A few days before my 14th birthday, I witnessed and possibly caused a horrific, fatal car accident. I was walking home from school, alone because I had to stay after for detention for bouncing a ball too high and onto the roof. A guy who donated books to my middle school drove by, and I waved to him in the car, and he waved back. Just then, a truck just smashed into him head on, driving on the wrong side of the road. There was a really loud sound.
I uncovered my eyes, but I looked to the ground first and saw all this shattered glass. I ran over to the car with the guy I knew. I couldn't see through the window, it had too many cracks in it. I tried opening the door, but it wouldn't open. I tried to push the glass in with my hand, since it was already broken. After I cleared enough glass out to see, he was unconscious. I put my hand on the other side of his head to turn his face toward me and I felt blood and slime and I saw a fragment of his skull with the hair fall onto his shirt.
I backed up immediately, realizing the extent of the damage, and backed up too far and fell iver the curb. Then I realized my hand was cut up really bad and bleeding from pushing the broken glass. It didn't hurt at all, it must've been been the adrenaline. That guy is dead, I was thinking over again in my head. Then I remembered, the other guy in the truck. What about him! I looked toward his truck, but instead found him behind me, crying. I told him to call 911, and he said he already did and they're on their way.

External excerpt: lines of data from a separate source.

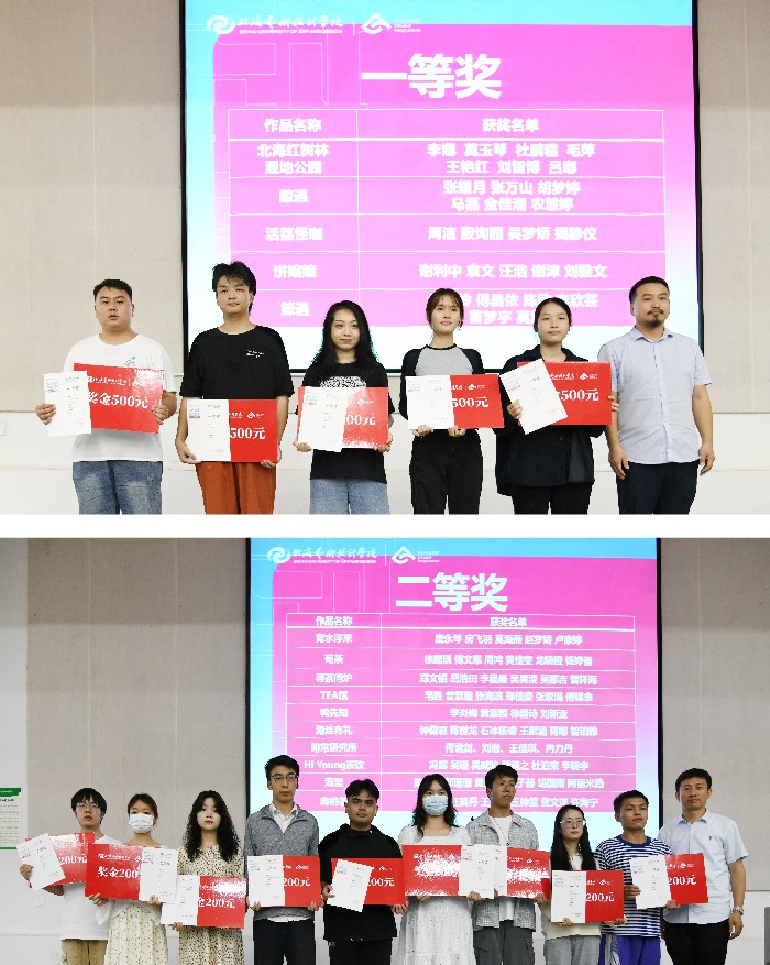 本次大赛通过学院与企业、教师与企业家、课堂与工厂、选题与项目、作业与作品、作品与商品等多维融合开展教学实践活动,并围绕校企合作实践项目、向海经济旅游项目等选题方向进行设计探索和设计实践。实行产教结合,使教学培养目标与企业发展要求相一致,让同学们“真学业务、真练技能”,提升同学们的设计理论水平和项目实操能力,实现学校、企业、学生三方“共赢”,本次典礼,共颁发了79组获奖作品。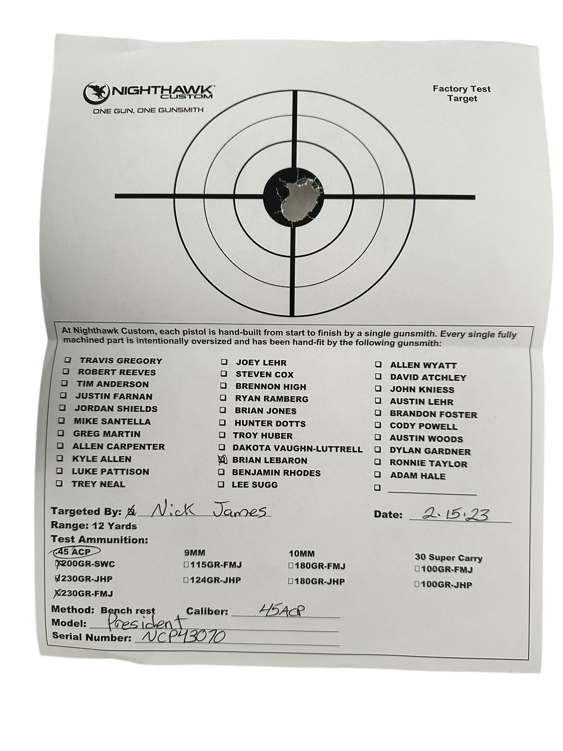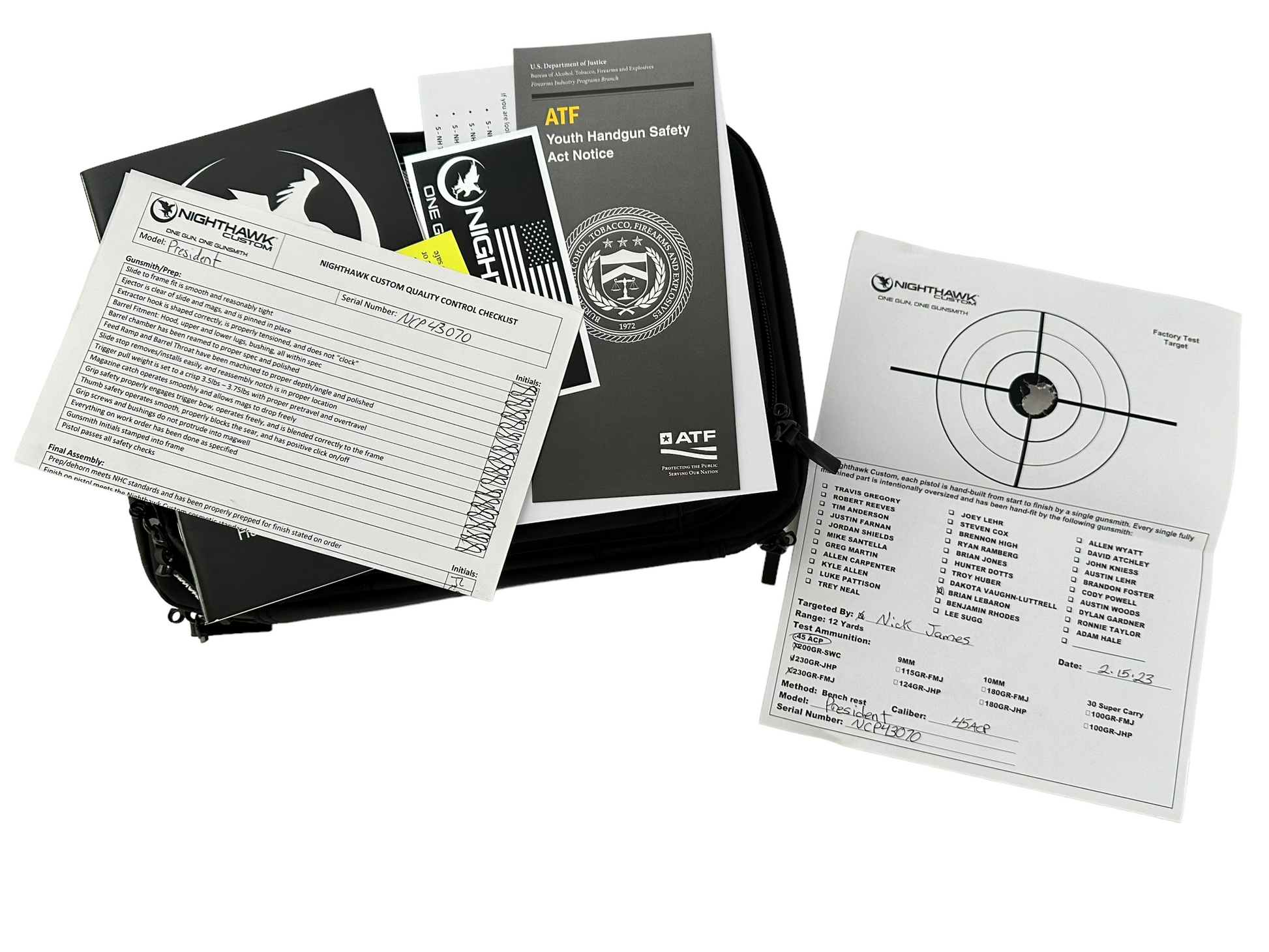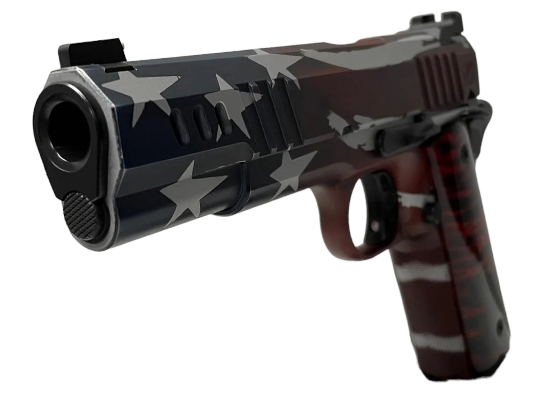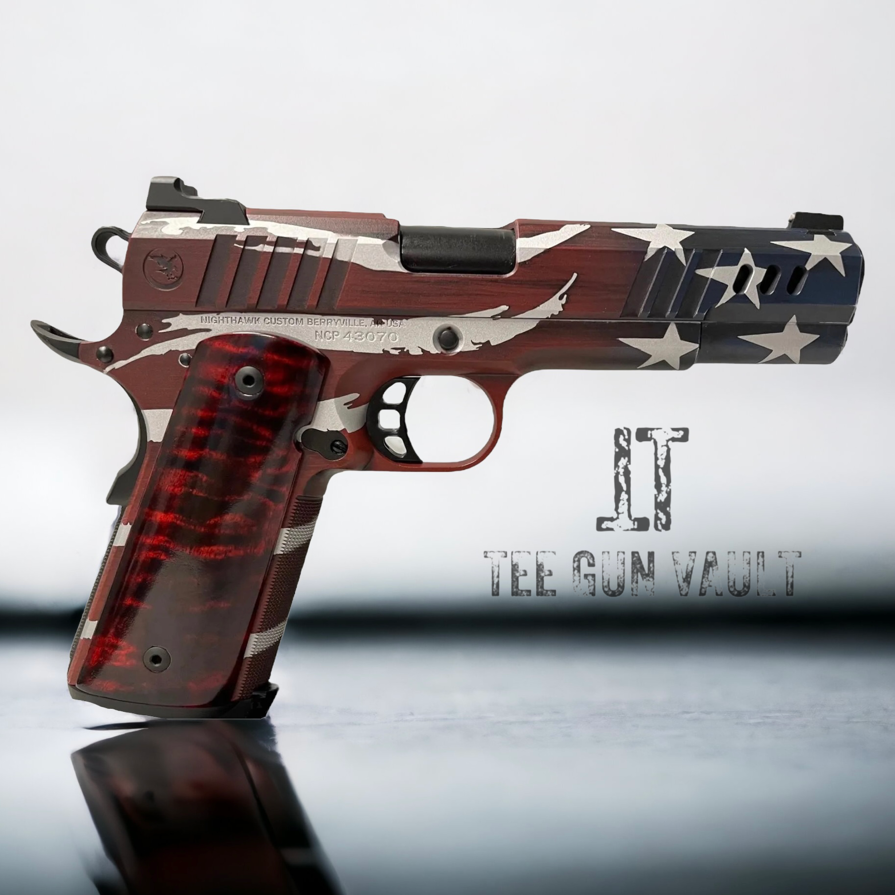 Finish: Custom American Flag theme Cerakote Finish Forged government size frame and 5" barrel Match grade 9mm barrel Heinie Ledge solid black rear sight 14K solid gold bead front sight One-piece mainspring housing/magwell Custom Elder burl wood grips w/ Medallions (upgrade) Heavy angle, slide-lightening cuts 25 lines per inch checkered front strap and mainspring housing Lightweight aluminum Nighthawk Custom tri-cavity trigger Crowned barrel flush with bushing Checkered recoil spring plug Completely dehorned for comfortable carry Ultra hi-cut front strap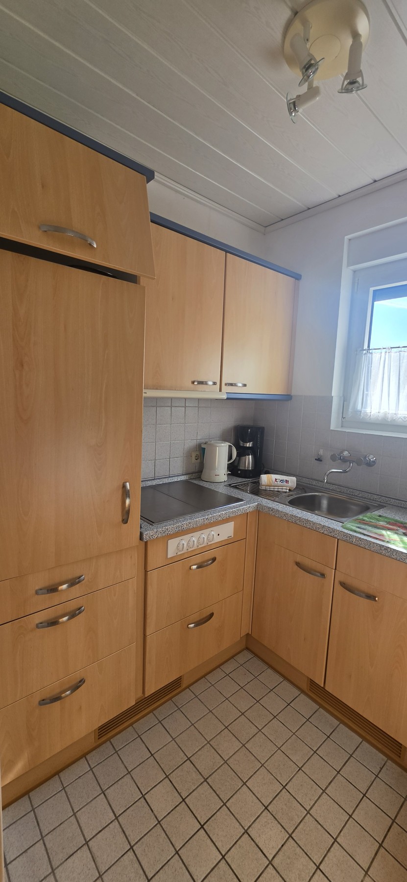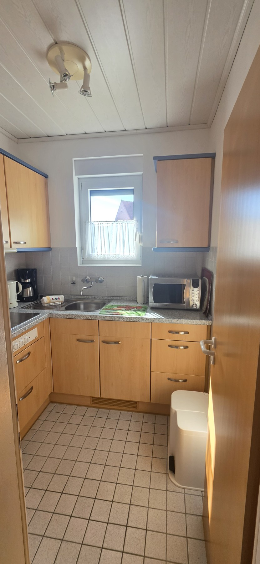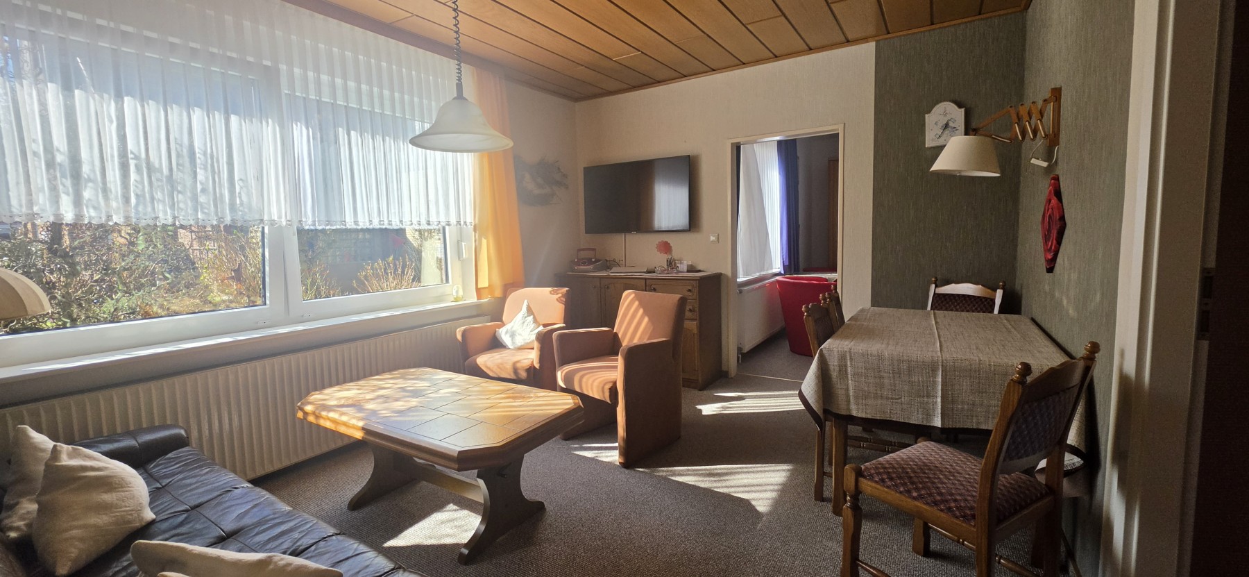 Das helle Wohnzimmer lädt mit TV-Anschluss und Radio zum Verweilen ein. Die separate Küche ist funktional eingerichtet und verfügt über ein Ceranfeld, eine Mikrowelle, einen Kühlschrank sowie eine Kaffeemaschine – perfekt für die Selbstversorgung während Ihres Aufenthalts.

We were sitting on the curb waiting for the ambulance to show up. I remember watching all these cars drive by and looking at the car and looking at the full grown guy crying near me. Nobody stopped. For some reason I wasn't crying. I didn't understand the full damage. When the ambulance people came, the cops were also there. The paramedics took the guy's body from the car, trying to revive him. I kept thinking: he's dead, why are they trying to revive a dead body? The police went to go talk to the guy in the truck. They pulled him to the other side of the road and were talking to him. And making him walk around. I didn't understand why.
Before I could go follow them, another cop came to talk to me. He was calling me buddy and saying it'll be ok and such. He poured water on my hand and put a large bandage over the cut as I explained what happened. I could tell he was getting emotional and he walked me over to his cop car and said he would drive me home. I got to sit in the passenger seat. I was asking him what's going to happen to the guy with the truck, and where will they take him? He said that they're taking him home too.
When we got to my house, nobody was home. He said we could wait in the car in the driveway until my parents came home. I was telling the cop what had happened and he was asking how I felt and then I started crying. He was so nice. We waited for an hour and my parents didn't come home and they wouldn't pick up our calls. He talked to my neighbor and I stayed there until my parents came. My parents brushed it off and forgot about it, but it changed my life.
A few days later, I saw an article about the crash. He was a drunk driver. That's why they were making him walk around, to test if he was sober. I was too young to understand. This is the first time I've ever said or typed any of this. It was hard, but it needed to be said. The guilt of causing the accident haunts me daily. If only I didn't wave, he could've seen the car and swerved out of the way. The sound of the sirens is in my head all the time. Thanks for listening.